Ana Sayfa YIL 16  SAYI 183  SAFER 1426 / MART 2005 E-Mail

MÜSLÜMANLARIN VAKIASI VE YAPILMASI GEREKEN ÇALIŞMA

1. Bölüm

C. SELÇUK

Bugün içerisinde yaşadığımız vakıa; ümmetin uzun tarihi boyunca başına gelenlerin en kötüsüdür. Öyle ki bu vakıa, Müminleri değişim için çalışmaya iter, muhlisleri kalkınmaya teşvik eder ve Şebâb’ı (gençleri) da bu uğurda kurban olmaya sevk eder. Bu nasıl olmasın ki, zira bu ümmetin varlığı parçalanmış, kuvveti kırılmış, bölgelere ayrılmış, iradesi selbedilmiş ve yöneticileri arasındaki ayrılık iyice şiddetlenmiştir. Sen onları bir sanırsın, halbuki onların kalpleri farklıdır. Eğer bir husus üzerinde ittifak ederlerse, ancak ihânet üzerinde ittifak ederler, ayrıldıkları zaman ise azgınlık, sapıklık yolunu tutarlar. Nerede olurlarsa olsunlar lanetlenmişler ve nerede bulunurlarsa bulunsunlar Allah korkusu yoktur onlarda. Bir gün dahi onların yönetimde durmaları helal değildir. Bu nedenle değişim için çalışmak her bir Müslüman üzerine farzdır. Aynı şekilde vakıadan etkilenmek için değil, vakıayı etkilemek için, yani edilgen olmak için değil etken olmak için nefsini hazırlaması da vaciptir. Vakıayı değiştirmek için çalışır ki, vakıa, doğru bir vakıa olsun. Bunu yaparken vakıaya alışan ve ona rağbet eden kimselerden, büyük bir direnişle karşılaşacağını belliğine koyması gerekir. Keza bu bozuk vakıayı icat eden kimselerden sadır olan zorluklara karşı, göğüs germeye de hazır olması gerekir. Çünkü bu kimseler, değişimi istemeyen kişilerdir. Bunlar, değişim için çalışan herkse ellerinde bulunan bütün vesilelerle karşı koymaya çalışırlar. Tıpkı genel de Arapların özel de Kureyş’in Resulullah (sav) ve ashabına karşı koydukları gibi.

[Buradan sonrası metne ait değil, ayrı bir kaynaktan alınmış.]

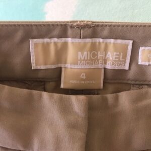 Michael Michael Kors, Gramercy fit pants. Two front zip pockets with silver tone zippers. Two back button closure pockets. Belt loops. Zip fly. Size 4. See photos for measurements to ensure fit.
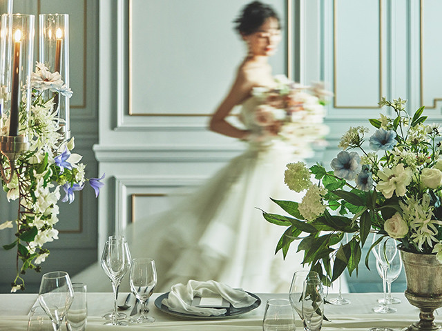 キリスト教式、神前式、人前式に対応できるシンプルモダンな空間デザインは、和装・洋装のどちらにも似合います。会場コーディネート展示
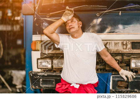 Tired Exhausted head ache health problem working hard work in garage auto service.

Vakıaya etkilemeyen, bilakis ondan etkilenen kimselere gelince; bozuk vakıayı muhafaza etmeye çalışanlar, onlar fiilen vakıayı değiştirmek isteseler de onlara fazla tenezzül etmezler. Zira bozuk konumlarını muhafaza etmeye çalışanlar, içerisinde yaşadıkları vakıanın değişiminin hangi amellerle mümkün olduğunu onlardan daha iyi bilirler. Resulullah (sav) bugün içerisinde yaşadığımız bu vakıayı haber vererek şöyle buyurmuştur:

“Muhakkak ki, dininiz ilk önce nübüvvet ve rahmet olacaktır. Allah’ın dilediği kadar olacak, sonra Allah azze ve celle onu kaldıracaktır. Sonra ısırıcı Meliklik olacaktır. Allah’ın dilediği kadar olacak, sonra Allah azze ve celle onu kaldıracaktır. Sonra zorlayıcı Meliklik olacaktır. Allah’ın dilediği kadar olacak, sonra Allah azze ve celle onu kaldıracaktır. Sonra Nübevvet metodu üzerine Hilâfet olacak, Nebî’nin sünnetine göre insanlara hükmedecek ve İslam yeryüzüne ağırlığını koyacaktır. Semânın ve yeryüzünün sâkinleri ondan razı olacaklar. Semâ indirmedik hiç bir damlasını, yeryüzü de çıkarmadık hiç bir hayrât ve nebâtını bırakmayacaktır.”

Hadis, Müslümanların belli dönemler geçireceğini ve her bir dönemdeki yöneticilerin diğer dönemdeki yöneticilerden farklı olacağını haber vermektedir. Yine bize, yeniden Hilâfetin geri dönerek insanlar içerisinde Nebî’nin sünnetine göre hükmedeceğine ilişkin sevindirici bir müjde vermektedir. Buda, Hilâfeti ikâme etmeye çalışan Müslümanların, çalışırlarken zamanı uzasın veya kısalsın bir gün onun mutlaka kurulacağına olan güvenlerini artırır.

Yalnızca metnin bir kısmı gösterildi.